Survival, by PEA status. Kaplan-Meier curve of survival by status of pulmonary endartherectomy: blue = inoperable, red = persisting CTEPH after PEA.

Resource utilization and costs

Patients had on average 2.8 ± 4.2 office visits with their general practitioner and 1.3 ± 1.4 visits to a specialist per year (Table 3). Hospitalisations were frequent (1.8 ± 2.2 per patient and year), as were examinations or diagnostic tests (8.4 ± 5.9).Annual costs of PH medication was the predominant cost factor (36,768 € ± 22,630), followed by costs for hospitalisations (4,496 € ±7,923) and concomitant medications (2,510 € ±2,503, Figure 5). Costs for ambulatory visits to GPs and specialists were negligible (<100 € each per patient and year).

Table 3 Resource utilization
Figure 5
figure 5

Yearly costs related treatment of CTEPH. Mean annualized cost of health care related to CTEPH treatment.
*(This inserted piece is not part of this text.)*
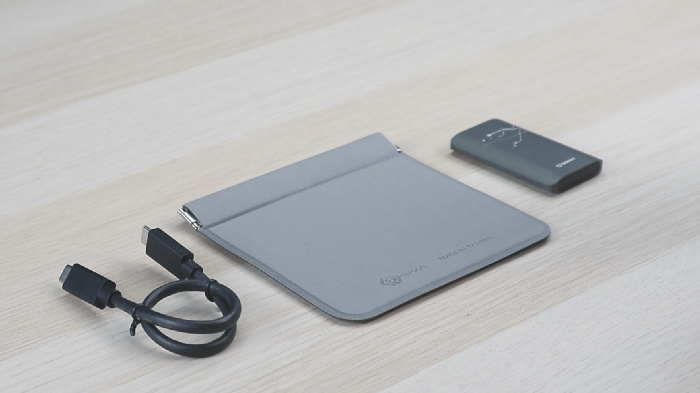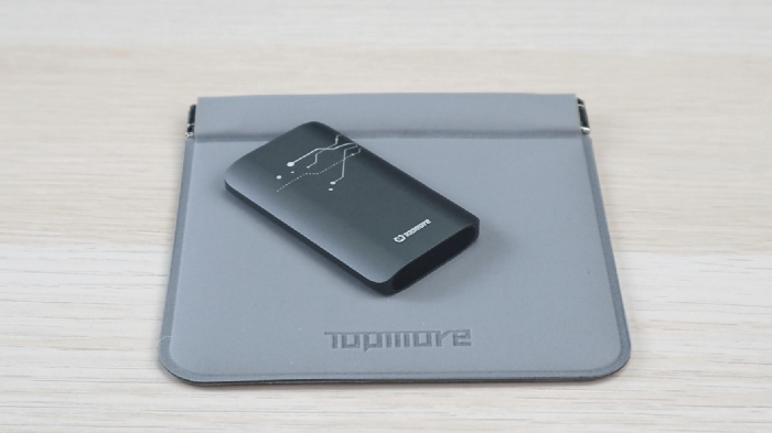 雖然同樣在購買頁面上,已經看過廣告說這個收納袋的優點。實際拿到收納袋的質感,還真的比預期還好,也比常見的贈品收納袋有質感。正面有 TOPMORE 的 Logo,淺灰色也不容易沾髒顯污,表面材質非常親膚,還是防水材質。空間也相當大,同時放下 TS1 SSD、C to C 傳輸線,還有空間放手機充電線呢!

Main treatment categories. Whiskers represent standard deviation.

Other health care resource items only accounted for marginal additional costs in both groups. Medical aids such as walking aids, inhalation devices or physiotherapy, were documented for one out of four patients.
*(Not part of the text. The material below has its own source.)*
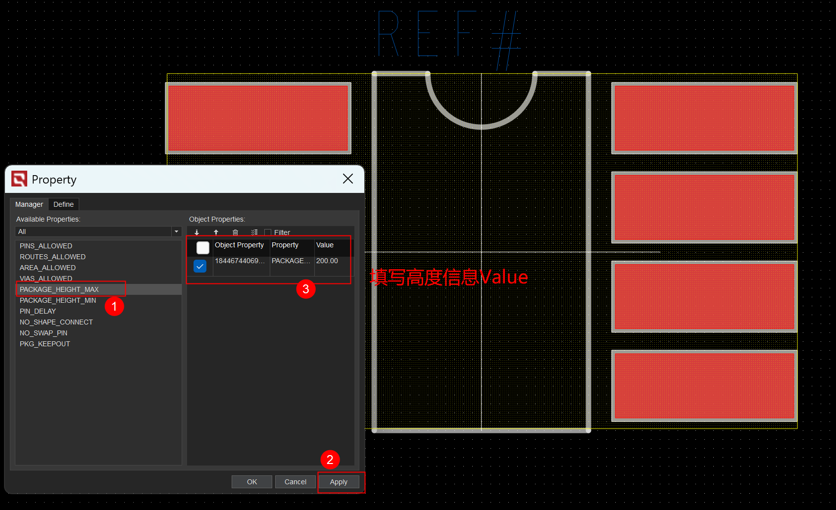 点击Edit-->Property,参考下图添加器件高度,然后保存并生成Part,点击Info可以查询器件高度。

The present analysis provides insight about the situation and resource utilisation of CTEPH patients in a sample of European specialist centres during the years 2006 to 2009. In line with a report of a large-scale European registry performed in 2007 to 2009 [6], our study shows that off-label treatment with PH drugs is common practice in patients with inoperable or residual CTEPH. Most patients were severely impaired as indicated by their NYHA class, exercise capacity (6-minute walk distance), hemodynamics and comorbidities. Compared to patients in the international prospective CTEPH registry performed in 2007–2009, patients in our cohort were somewhat older (68 versus 63 years), comprised more women (61% versus 50%), had a lower 6-minute walking distance (298 versus 329 meters), and a lower portion of inoperable patients (83% versus 36%) [6].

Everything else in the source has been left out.